Theres a new addition in the Kroger family. The Ohio-based supermarket chain announced this week that it is acquiring the small Michigan-based Hillers M...

Frazer Jones
|May 5|magazine8 min read

There’s a new addition in the Kroger family. The Ohio-based supermarket chain announced this week that it is acquiring the small Michigan-based Hiller’s Markets specialty chain for an undisclosed sum.

“We are excited to welcome Hiller’s customers into our stores and introduce them to our great people,” said Jayne Homco, president of Kroger’s Michigan division, in a statement to the press. “Hiller’s has a decades-long reputation of great customer service and outstanding selection of local and ethnic foods, and we look forward to continuing those traditions as we expand in this market.”
Meanwhile Jim Hiller, president and CEO of Hiller’s Markets, also took to the press release to express his support of the acquisition—as well as to ask the current Hiller’s Markets customer base to support the changes ahead:

“After 75 years of providing the finest quality groceries and services to southeast Michigan I am pleased that Hiller’s legacy of excellence will be continued by the Kroger Company. I encourage Hiller’s customers to continue shopping at Kroger following the transition and to continue supporting their favorite associates.”

This acquisition is very different from the recent massive merger between Albertsons and Safeway—Hiller’s Markets is a very small regional chain, comprised of only seven locations throughout the Detroit metropolitan area. Why would a major chain like Kroger choose to invest in acquiring such a comparatively small brand that would not expand its national reach?

The answer could lie in a recent study predicting that traditional retailers could lose 10 percent of their market share by 2025. In its white paper “Food Industry Transformation: The Next Decade,” consulting and research firm Technomic reports that changes in spending and attitudes on health and nutrition among middle-class and affluent consumers could cause a seismic shift in the retail industry, with the market share of traditional retailers dropping from 71 percent to 62 percent over the next ten years. In addition, while supermarkets can expect 3 percent sales growth annually over the next decade, Technomic predicts that fresh format stores and farmer’s markets will grow each year by 12 percent and 13.5 percent respectively.

Faced with data and predictions like this, investing in smaller hyperregional markets makes perfect sense.

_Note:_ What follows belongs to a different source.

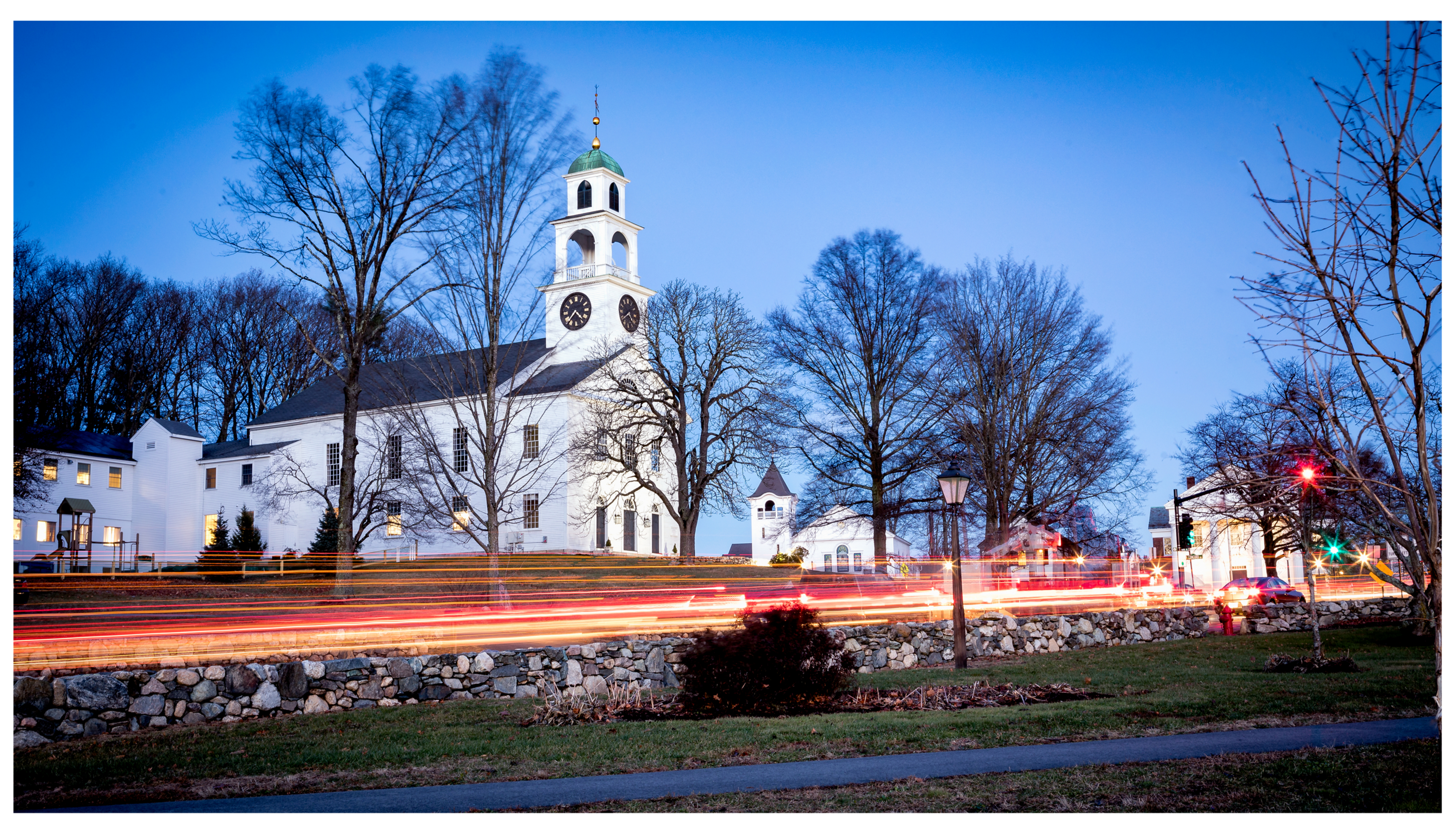
Town Center Today. Population: 15,390 -18,697

The town once known for farming, becomes an exclusive Boston suburb. The increasing population means more and larger homes, more school renovation and expansion, recreation areas, stores, businesses and houses of worship. While the town is concerned with planning for its future, it is also aware of the need of preserving its past.

It’s surprising that Kroger isn’t keeping the Hiller’s Markets name throughout the transition, but then again it could be part of a strategy to help consumers associate the Kroger name as much with smaller local specialty markets as with larger traditional supermarkets.

Either way, If Kroger is able to make similar strategic acquisitions like this across the country—and if Kroger is able to retain its customer base by maintaining the focus and intent (if not the identity) of the original markets it acquires—it may continue to grow and benefit even as consumers start to turn more frequently to grocers outside of the traditional Kroger model.